MATERIAL FOR THIS TASK Start Marker
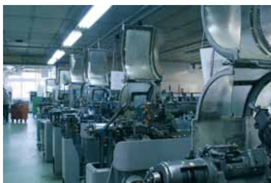
I torni a camme forniscono ancora un buon servizio.

macchine a camme.» In effetti, il numero dei particolari per serie varia dai 50 pezzi ad un milione, ed anche oltre, ma ordini di questa entità si fanno sempre più rari.
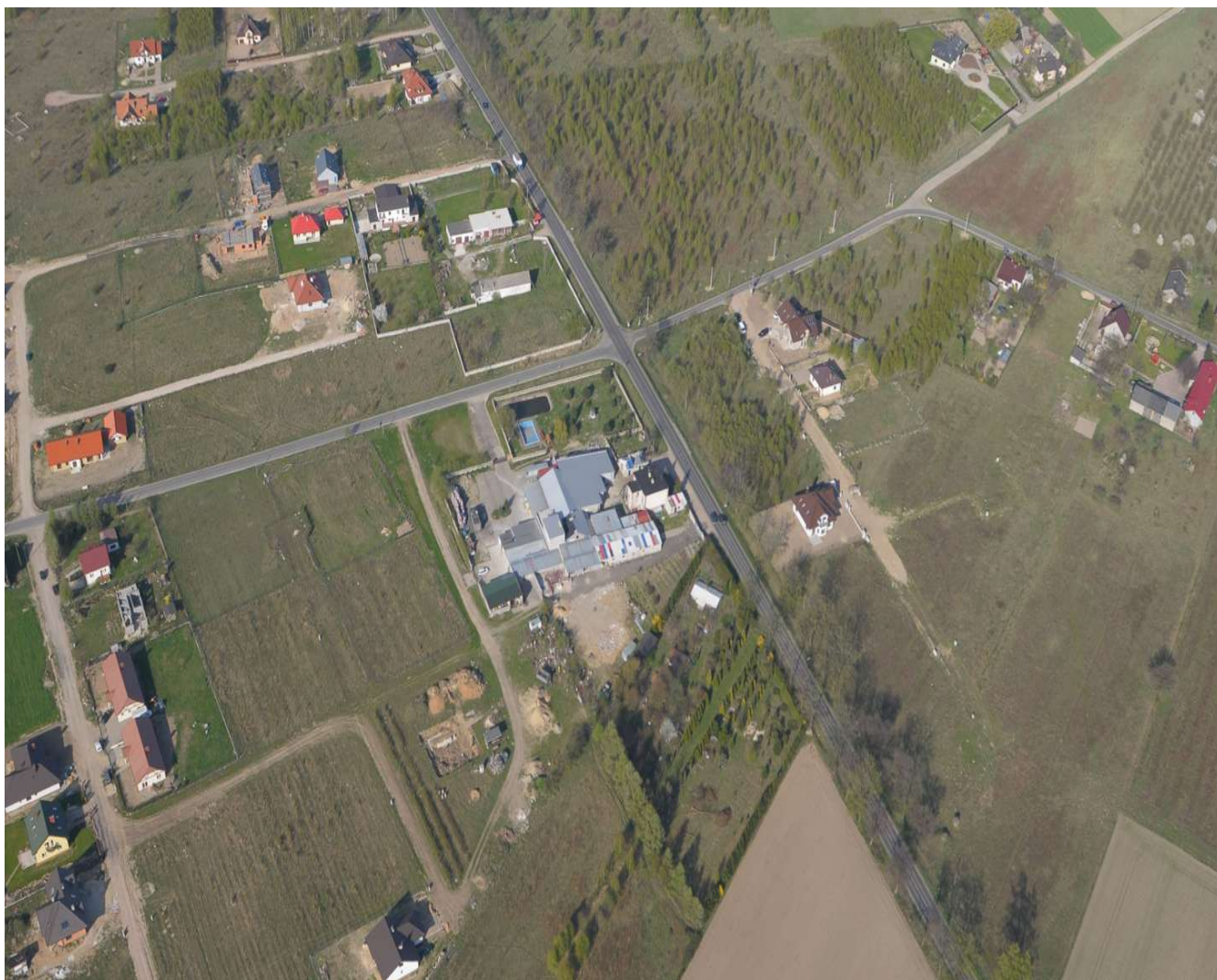
Zdjęcie lotnicze sołectwo Natolin część północna wsi.

Miejscowość powstała jako jedna z wiosek satelickich wokół głównego ośrodka o prawach miejskich jakim były w owym czasie Stare Skoszewy. Na rozwój i rozbudowę wsi duży wpływ miało, także jej położenie; przy głównej traktzie z Łodzi do Rawy Mazowieckiej. Natolin znajdował się pod zaborem rosyjskim, mimo to głównymi osadnikami byli mieszkańcy pochodzenia niemieckiego, oprócz trzech gospodarstw, które pozostały w rękach polskich według zapisów historycznych. Teren wsi Natolin był widownią i areną walk narodowowyzwoleńczych, czego świadkami są do dziś wykopywane pociski karabinowe i artyleryjskie.
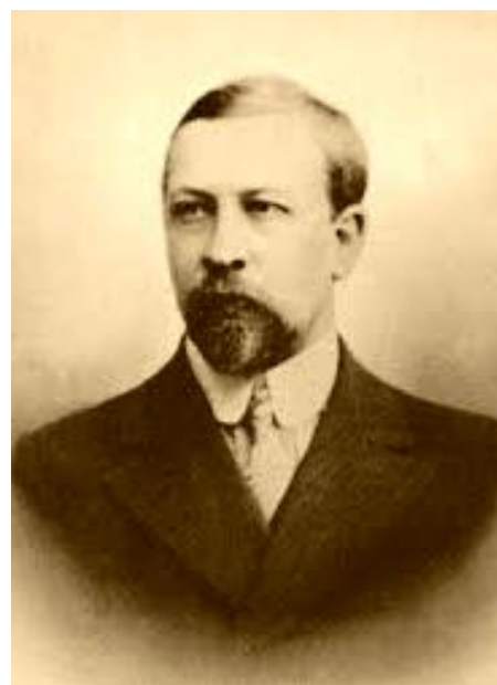
Владимир Францевич Эрн (1882—1917)
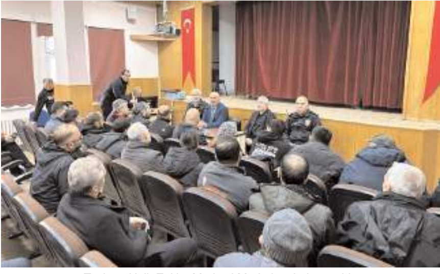
Toplantı Halk Eğitim Merkezi Müdürlüğü'nde yapıldı.
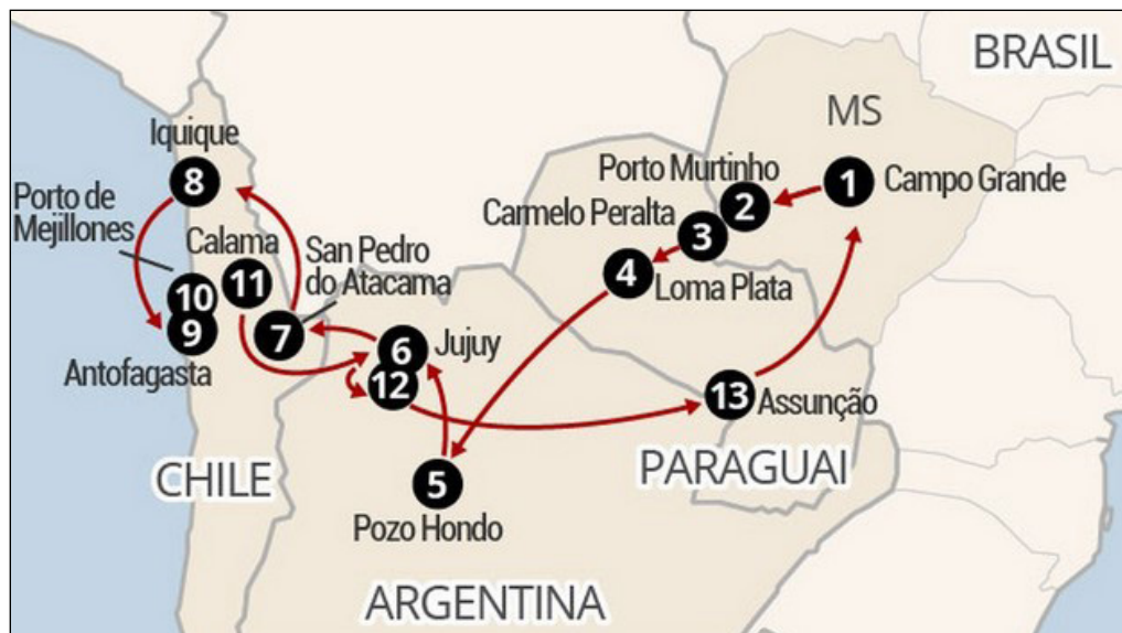
Figura 1 – Rota bioceânica
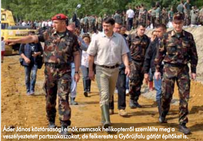
Áder János köztársasági elnök nemcsak helikopterről szemlélte meg a veszélyeztetett partszakaszokat, de felkereste a Győrújfalú gátját építőket is.

– Épp a veszélyhelyzet kihirdetése előtt egy nappal vonult be tíznapos budapesti kiképzésre mintegy háromszáz tartalékos katoná. Őket a másnap már a gáton érte. A védelmi tartalékosok a védekezés első napjától dolgoztak, a műveleti tartalékosoknak pedig azonnal kiküldték a behívóparancsot. Behívási rendszerünk első éles tesztjén jó tapasztalatokat szereztünk. A legnagyobb létszámú mozgósításkor mintegy 700 tartalékost értesítettünk ki, és 92 százalék volt a bevonulás aránya. Ez példátlanul nagy fegyelmeltségre
MATERIAL FOR THIS TASK End Marker
### [DIRECTIONS]
What you return should be only the exact lines from the top of the entries through the line with "Zdjęcie lotnicze sołectwo", minus the pictures.

### [EXERCISE SOLUTION]
I torni a camme forniscono ancora un buon servizio.

macchine a camme.» In effetti, il numero dei particolari per serie varia dai 50 pezzi ad un milione, ed anche oltre, ma ordini di questa entità si fanno sempre più rari.
Zdjęcie lotnicze sołectwo Natolin część północna wsi.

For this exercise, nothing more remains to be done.